=== Begin Enclosure ===
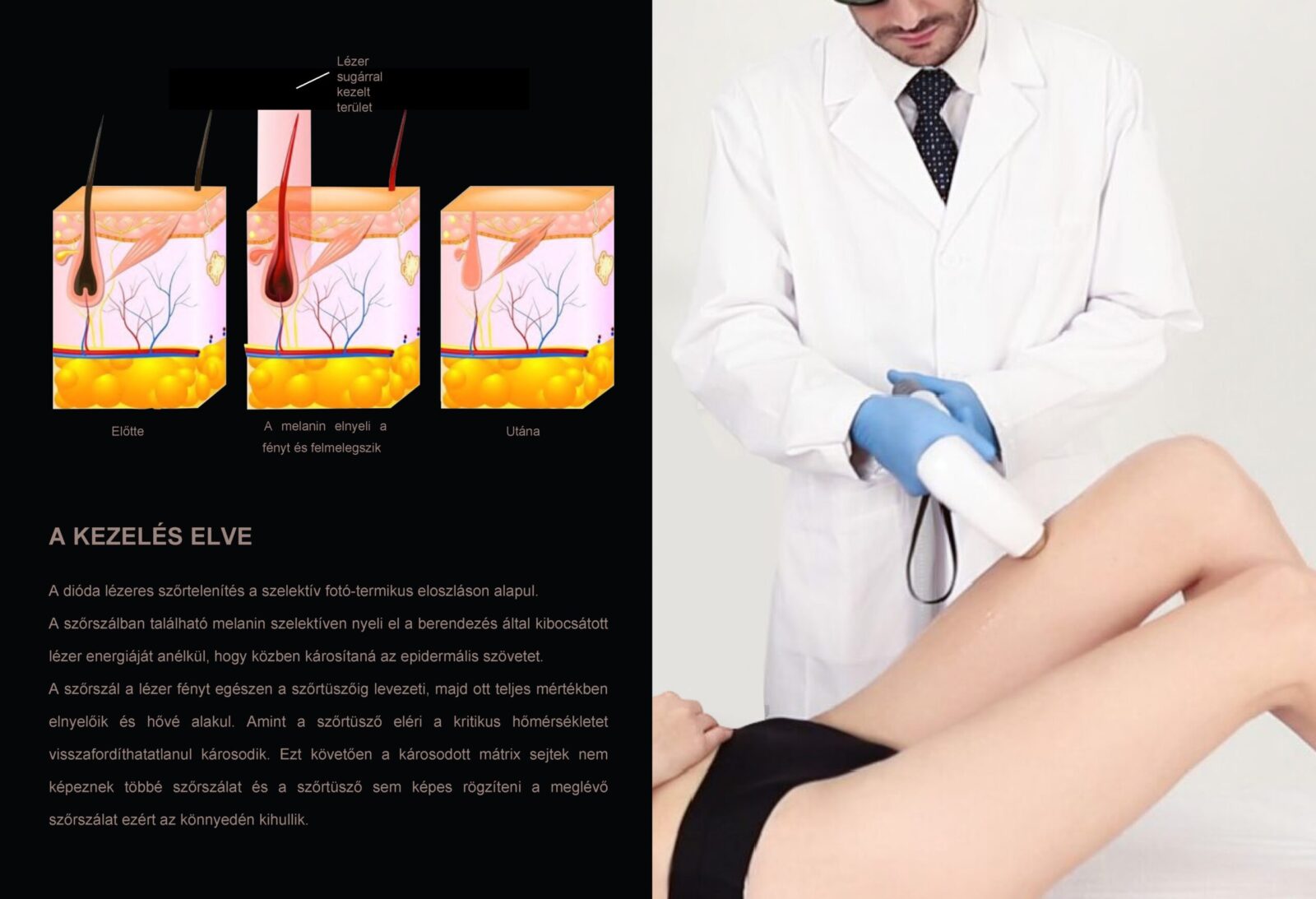 A dióda lézeres szőrtelenítő technológia a fény és hő szelektív dinamikáján alapul. A lézer áthatol a bőr felületén és eléri a szőr gyökerét. A dióda lézeres készülék 808nm/1064nm/755nm-es hullámhosszal dolgozik, mely hatékonyan célozza meg a szőrtüszőben lévő melanocitákat anélkül, hogy a környező szövetek károsodnának. A lézer fény elnyelődik a szőrszálban és szőrtüszőben lévő melaninban és hővé alakul, így megnöveli a szőrtüsző hőmérsékletét. Mikor a hőmérséklet kellően magasra emelkedik, visszafordíthatatlanul károsul a szőrtüsző szerkezete, amely eltűnik a szőr természetes fiziológiai folyamatai során, így tartós szőrtelenítést érhetünk el.
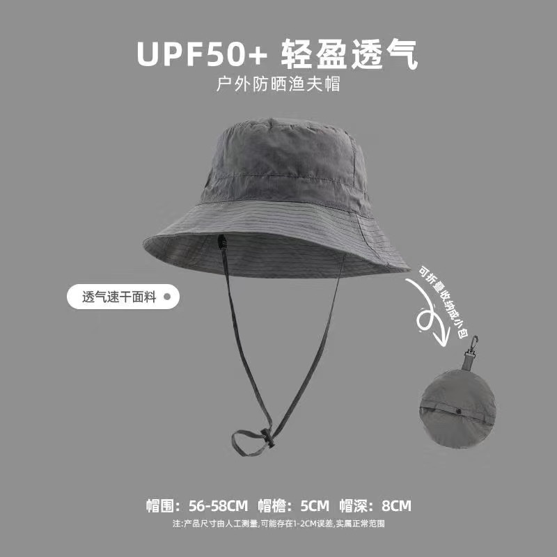渔夫帽速干防水折叠帽子女超轻薄遮阳帽男可折叠收纳一体太阳帽子
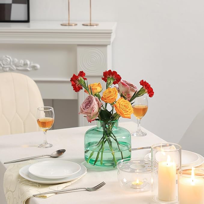 - FLOWER SELECTION: With a small opening, this green glass vase must be paired with short-stemmed flowers, such as roses, tulips, lilies, and gladiolus, to create a wonderful centerpiece
=== End Enclosure ===
** THE PROBLEM **
Could the data above be returned in full, exactly, with every image left out?

** PROBLEM SOLUTION **
 A dióda lézeres szőrtelenítő technológia a fény és hő szelektív dinamikáján alapul. A lézer áthatol a bőr felületén és eléri a szőr gyökerét. A dióda lézeres készülék 808nm/1064nm/755nm-es hullámhosszal dolgozik, mely hatékonyan célozza meg a szőrtüszőben lévő melanocitákat anélkül, hogy a környező szövetek károsodnának. A lézer fény elnyelődik a szőrszálban és szőrtüszőben lévő melaninban és hővé alakul, így megnöveli a szőrtüsző hőmérsékletét. Mikor a hőmérséklet kellően magasra emelkedik, visszafordíthatatlanul károsul a szőrtüsző szerkezete, amely eltűnik a szőr természetes fiziológiai folyamatai során, így tartós szőrtelenítést érhetünk el.
渔夫帽速干防水折叠帽子女超轻薄遮阳帽男可折叠收纳一体太阳帽子
 - FLOWER SELECTION: With a small opening, this green glass vase must be paired with short-stemmed flowers, such as roses, tulips, lilies, and gladiolus, to create a wonderful centerpiece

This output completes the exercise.